Pineda only bright spot in Yanks' loss

TORONTO -- Let us assume, just for the moment, that eventually, the Yankees will hit a baseball out of a ballpark, and that $438 million of Hal Steinbrenner's money will eventually buy them a timely hit, and that the presence of a knuckleballer on the mound for the Blue Jays is the primary reason why the Yankees' offense looked so 2013 even though we are five games into the 2014 season.

Taking all those assumptions as fact, then there was one very big, very positive thing that came out of the Yankees' 4-0 loss to the Blue Jays at the Rogers Centre on Saturday: Michael Pineda.

In his first bona fide big league game in more than 2 ½ years, Pineda looked a lot like the pitcher the Yankees thought they were getting from the Seattle Mariners when they parted -- reluctantly at the time, gleefully now -- with Jesus Montero, the crown jewel of their farm system, in 2012.

And even though, officially, Pineda has still not won a major league game since July 30, 2011 -- a whopping 33 months -- he can chalk this one up as a moral victory even if his team's impotence at the plate robbed him of an actual one.

Pineda, who snuck into the final slot in the Yankees' starting staff on the strength of an exceptional spring, has now posted the best outing of any of their starters the first time through the rotation. Pineda went six innings, allowing just five hits and one run, striking out five and walking none.

But the number that might mean the most of all was the one that flashed on the scoreboard a half-dozen times in his 83 pitch-day: 95, as in the speed of his fastball. Even for those who maintain velocity is a meaningless statistic, that is an indication that Pineda, who had major surgery after tearing the labrum in his pitching shoulder during his first spring with the Yankees, is either back to where he was before the injury or very close to it.

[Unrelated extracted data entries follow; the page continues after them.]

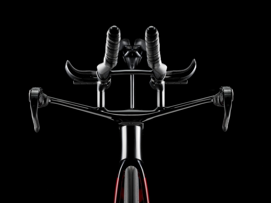 Ela possui quadro de carbono ultraleve OCLV Carbon Série 800, tubo com formato redutor de arrasto Kammtail Virtual Foil (KVF), garfo Speed Concept tipo aerofólio totalmente em carbono, amortecedor de vibrações IsoSpeed e compartimentos integrados para armazenar barras de cereais, hidratação e kits de reparos de pneus. Conta com sistema de transmissão eletrônica sem fio SRAM Force AXS D2 de 12 velocidades com alavancas de câmbio SRAM AXS Clics, um medidor de potência Force AXS e guidão e avanço totalmente integrados. Seu selim específico para triathlon Bontrager Hilo Comp confere uma postura agressiva e aerodinâmica, além de freios a disco para um poder de frenagem confiável e rodas aerodinâmicas Bontrager Aeolus Pro 51 de OCLV Carbon.
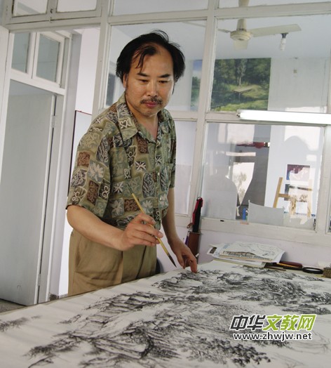當(dāng)時(shí),他們家西鄰就是內(nèi)黃縣劇院,去劇院玩是很方便的,所以他認(rèn)識(shí)了劇團(tuán)的在縣里很有名氣的舞臺(tái)美術(shù)師劉殿卿老師,從此他就跟劉老師學(xué)習(xí)舞臺(tái)美術(shù)和油畫。由于有基礎(chǔ),很快就掌握了舞美設(shè)計(jì)繪制技能,獨(dú)立的設(shè)計(jì)一臺(tái)全劇的布景。家院的東鄰是林業(yè)局,有位領(lǐng)導(dǎo)發(fā)現(xiàn)西鄰家的學(xué)生畫的不錯(cuò),就請(qǐng)他過去幫助畫宣傳畫,經(jīng)他設(shè)計(jì)繪畫出的板面非常奇特新穎,社會(huì)上評(píng)價(jià)很高,后引起了縣文化局、文化館的注意。一次去文化館朋友那里,隨便畫了幾筆鉛筆畫,被館長(zhǎng)發(fā)現(xiàn),驚訝的看著眼前的這位小伙子,才方知林業(yè)局精彩的宣傳板面出自他手,爽快的說(shuō),以后你就到文化館工作了。這期間,先后舉辦了雷鋒、“4.12”大屠殺和批林批孔政治展覽,又不斷參加縣、地、市各類美術(shù)作品展并獲獎(jiǎng),深受好評(píng)。當(dāng)時(shí),他才只有17歲。
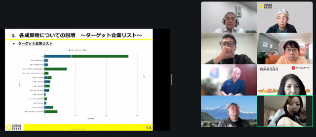 中間提案ミーティングを実施しました。これまでのチームで打合せをしてきた内容や、先に提出した成果物の確認、今後の進め方について話し合いました。先に納品したリストに基づいて団体側で営業をかけたところ、団体より数件の反応があったとの報告もありました。ゴールに向かって、さらに成果物のブラシュアップを進めていきます。

"Well, he's worked really hard," Joe Girardi said. "We weren't sure where it was going to be. I can't tell you I believed it was going to be 95. I'm sure it means a lot because of all the work he's put in over the past two years."

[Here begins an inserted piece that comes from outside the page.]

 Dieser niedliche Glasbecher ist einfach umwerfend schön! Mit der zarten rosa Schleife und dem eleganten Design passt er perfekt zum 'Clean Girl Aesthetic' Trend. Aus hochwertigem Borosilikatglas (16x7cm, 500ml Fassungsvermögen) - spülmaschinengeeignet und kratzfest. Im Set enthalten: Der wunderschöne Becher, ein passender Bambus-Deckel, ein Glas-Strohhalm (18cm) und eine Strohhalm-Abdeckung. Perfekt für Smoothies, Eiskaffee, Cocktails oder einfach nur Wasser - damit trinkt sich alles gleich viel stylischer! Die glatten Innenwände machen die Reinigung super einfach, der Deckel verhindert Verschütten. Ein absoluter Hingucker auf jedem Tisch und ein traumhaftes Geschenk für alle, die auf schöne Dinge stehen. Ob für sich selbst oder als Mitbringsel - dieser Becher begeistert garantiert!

What it also means is that right now, the two best-looking Yankees starters are the two at the back end of their rotation. After Masahiro Tanaka's gutsy performance in victory Friday night and Pineda's encouraging outing in defeat Saturday, all the Yankees need to do is get their nominal 1-2, CC Sabathia and Hiroki Kuroda, back on line and they should be able to overcome even an offense as feeble as the one they mounted against R.A. Dickey.

Pineda retired 13 of the last 14 hitters he faced and ran into real trouble only once, when Adam Lind's double leading off the second turned into the game-winning run when Josh Thole singled him home two batters later. Otherwise, he matched Dickey pitch for pitch, and only fell short of his goal -- to return to the ranks of winning major league pitchers -- because the Yankees' lineup could manage only five hits of its own, stranded 10 baserunners and hit a miserable .100 (1-for-10) with runners in scoring position.

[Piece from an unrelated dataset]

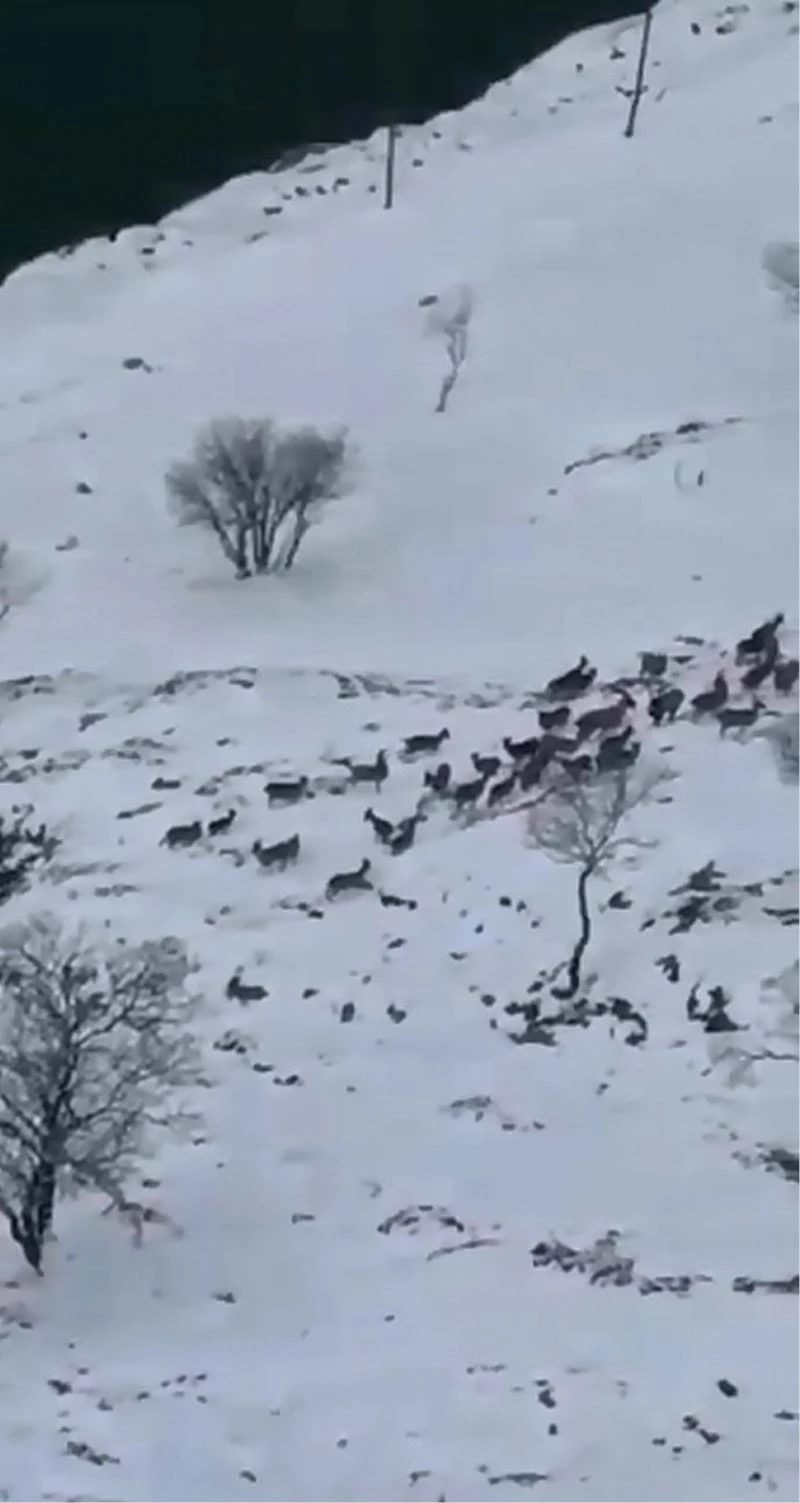 Elazığ’ın Karakoçan ilçesine bağlı Golan köyü mevkiinde dağ keçileri görüldü. O anlar ise yöre sakinlerinin cep telefonuna saniye saniye yansıdı. Karla kaplı arazide bir süre gezen sürü halindeki dağ keçileri daha sonra gözden kayboldu.

But all that was secondary to the performance of Pineda, who against all odds once again looks as if he can be a difference-maker for this ballclub.

"I think it could mean a lot for our team and I'm sure it means a lot to him, to be able to go out and do what he loves, and compete at the highest level," Girardi said. "He spent entirely too much time in that Florida sunshine the past two years, and I'm sure he's really pleased with where he's at today."

Pineda, who sat placidly in the clubhouse listening to Latin music through his earbuds before the game, scoffed at the notion that he was nervous before his first big league start since Sept. 21, 2011.

"Nah, not nervous, excited because I’m pitching a game in the major leagues," he said. "Today was big day for me. My first game for the New York Yankees."

He's been around so long that it was shocking to hear those words, and even more shocking to realize they are true. Pineda has been a Yankee for more than two years but before today had never actually pitched for them. Now, they can look forward to him pitching for them every five days, and assuming the bats come around, as bats inevitably do, reasonably expect that on the days he pitches, they will have a pretty good chance to win.

Pineda's next start is scheduled for Thursday night against the Baltimore Orioles at Yankee Stadium. "I've been waiting two years for this," he said.

To the Yankees and their fans, it must seem like even longer than that. Still, it is never too late to come home, and at long last, Michael Pineda is on his way.

On a day of mostly bad news, that was something to feel good about.